The contract also called for an additional $500,000 “success fee” to Millennium if and when slots machines won approval, records show. At the time, however, neither Rivera nor Millennium made a claim for the fee.

But in recent weeks, Millennium’s officers formally requested the $500,000 success fee from the Magic City Casino, according to Herald news partner WFOR/ CBS-4. It is unclear who made the request on behalf of the company.

Rivera initially denied getting paid to work on the slots campaign while in the Legislature and during his campaign for Congress last year. An executive with the company also initially denied hiring Rivera when interviewed by The Herald last year.

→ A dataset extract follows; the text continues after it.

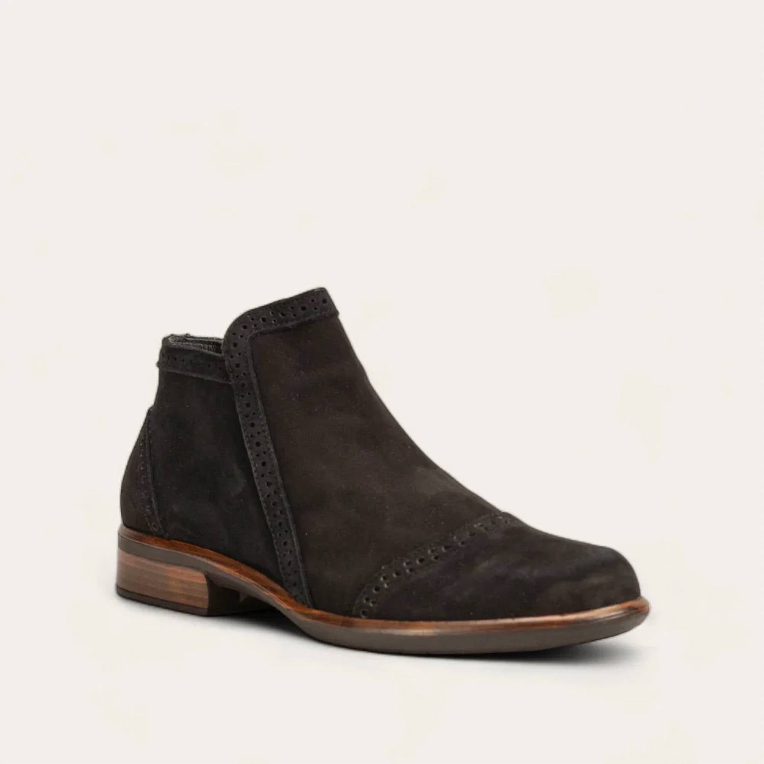 Confeccionadas em couro premium, estas botas estilosas apresentam bico redondo e salto bloco com uma altura confortável de 3,8 cm. Com foco no conforto personalizado, elas vêm com palmilha anatômica removível de cortiça e látex da Naot e são adequadas para órteses. Oferecem suporte leve e durável graças ao solado de poliuretano de 3,8 cm com haste de metal e design antiderrapante. Oferecem extrema flexibilidade com a construção Strobel costurada à mão. Forma pequena; recomenda-se um número maior para meias-calças.

But after winning his congressional seat in November — and after the Millennium contract with Magic City came to light — Rivera admitted receiving $132,000 in “loans” from Millennium that he had never previously disclosed. Rivera first acknowledged the money by revising his federal financial disclosure forms just before taking office as a congressman in January.

DISCLOSURE FORMS

Rivera had earlier changed his state legislative disclosure forms, erasing any reference to his work with the U.S. Agency for International Development, after the Miami Herald reported that USAID had no record that he ever worked for the agency.

Rivera has said he was not obliged to report the $132,000 in loans from Millennium on his state financial disclosure forms, though state law requires disclosure of most debts over $1,000.

Rivera also has said he repaid the loans from Millennium, in part by signing over a deed for a condo unit he owned days after he won the election in November.